[[ DATA EXCERPT open ]]
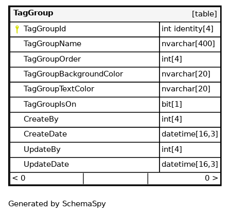 | PK_TagGroup | Primary key | Asc | TagGroupId |
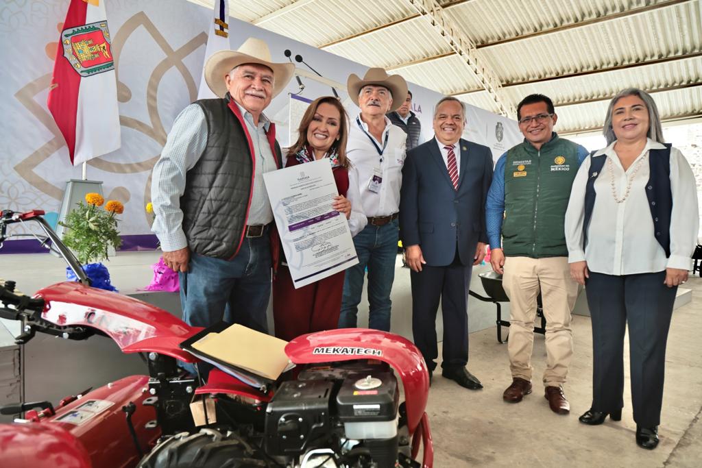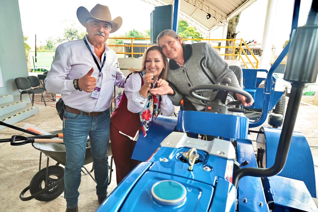La gobernadora Lorena Cuéllar Cisneros entregó maquinaria agrícola gratuita a 31 personas beneficiarias del Programa Fomento e Innovación Productiva, durante la Feria de la Agricultura Familiar y la Seguridad Alimentaria realizada en la Plaza del Huehue del municipio de Yauhquemehcan.
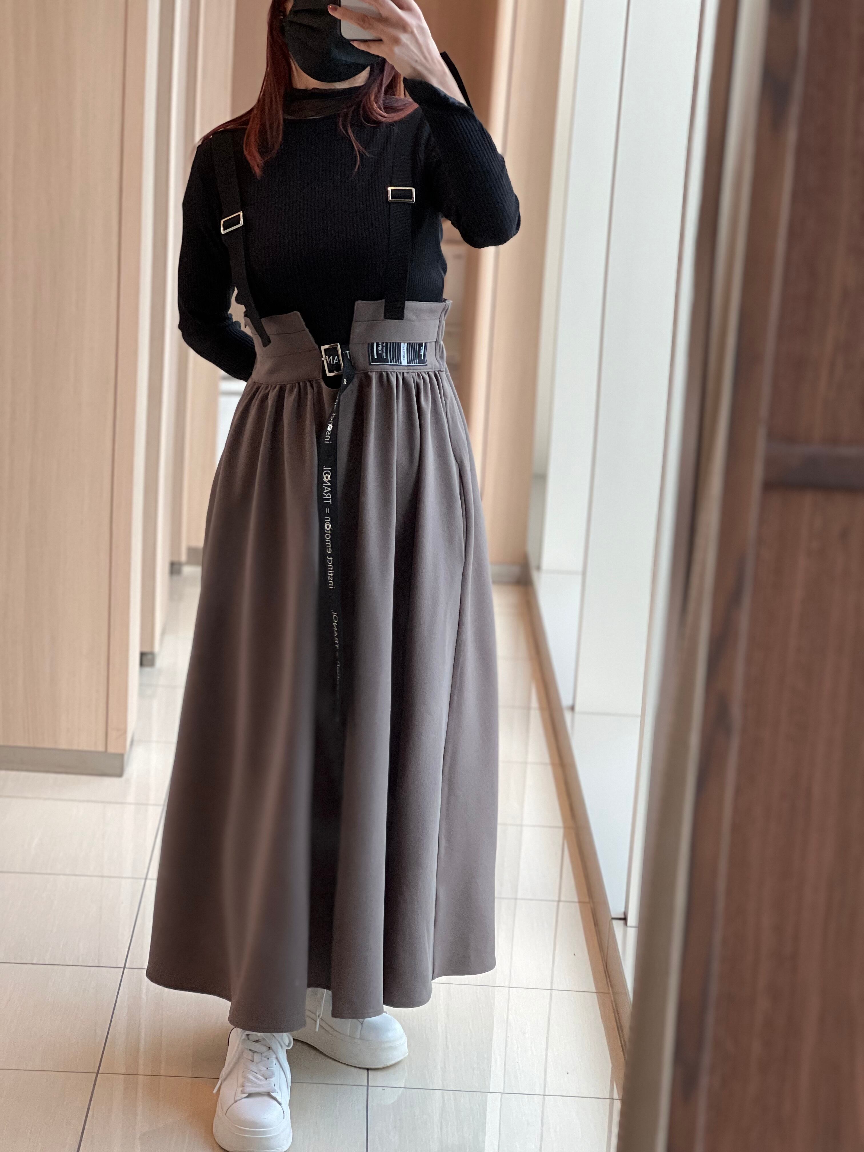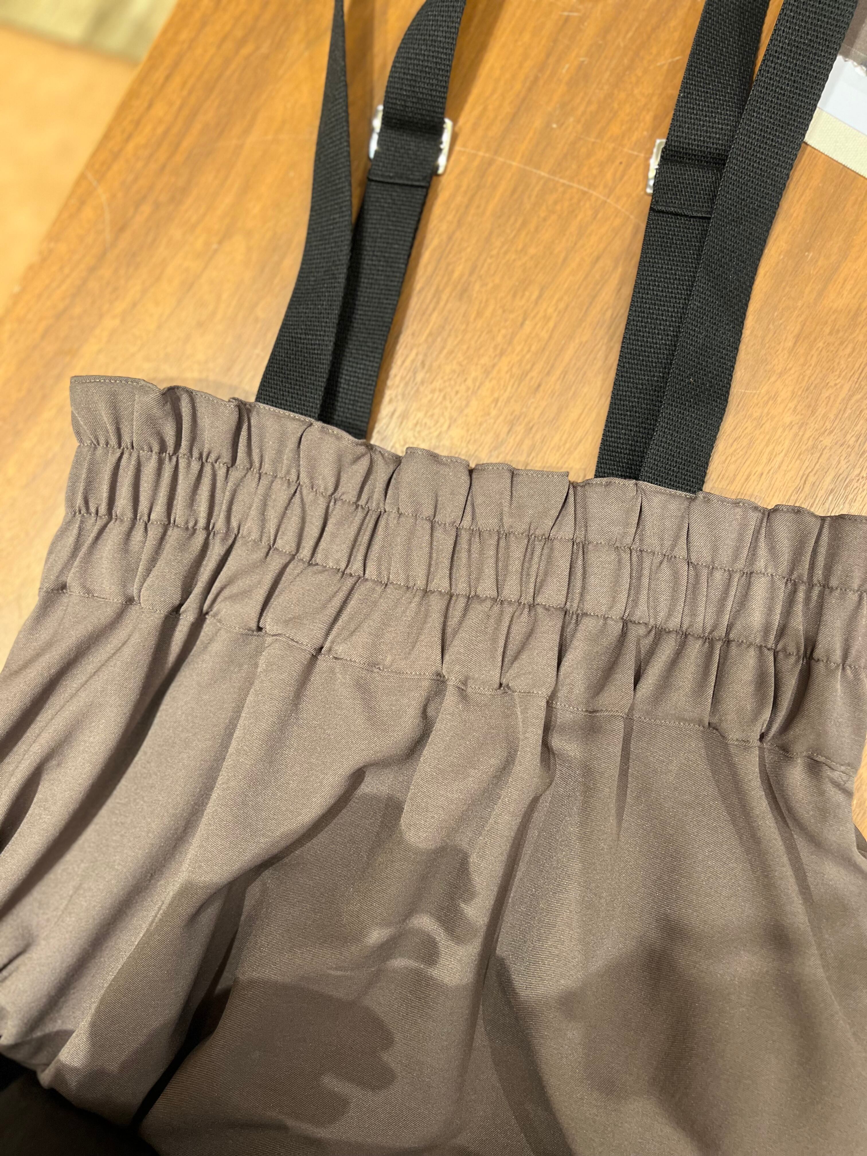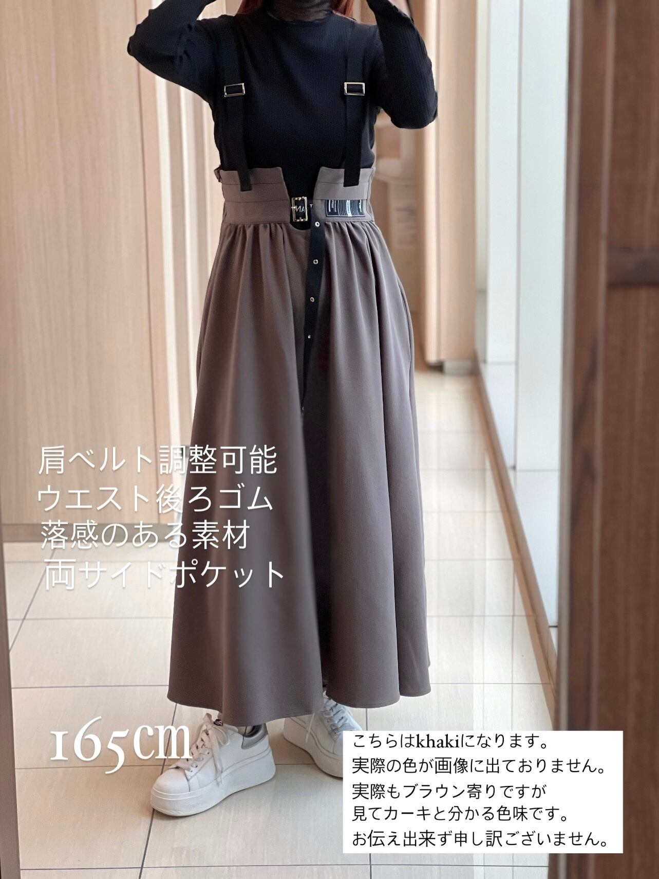 丈は肩ベルトで調整可能。ウエストは後ゴムで着用もストレスフリーの商品です♪
[[ DATA EXCERPT closed ]]
WORK REQUIRED ->
When repeating the material above, keep every line exact and drop all pictures.

RESPONSE AREA ->
 | PK_TagGroup | Primary key | Asc | TagGroupId |
La gobernadora Lorena Cuéllar Cisneros entregó maquinaria agrícola gratuita a 31 personas beneficiarias del Programa Fomento e Innovación Productiva, durante la Feria de la Agricultura Familiar y la Seguridad Alimentaria realizada en la Plaza del Huehue del municipio de Yauhquemehcan.
 丈は肩ベルトで調整可能。ウエストは後ゴムで着用もストレスフリーの商品です♪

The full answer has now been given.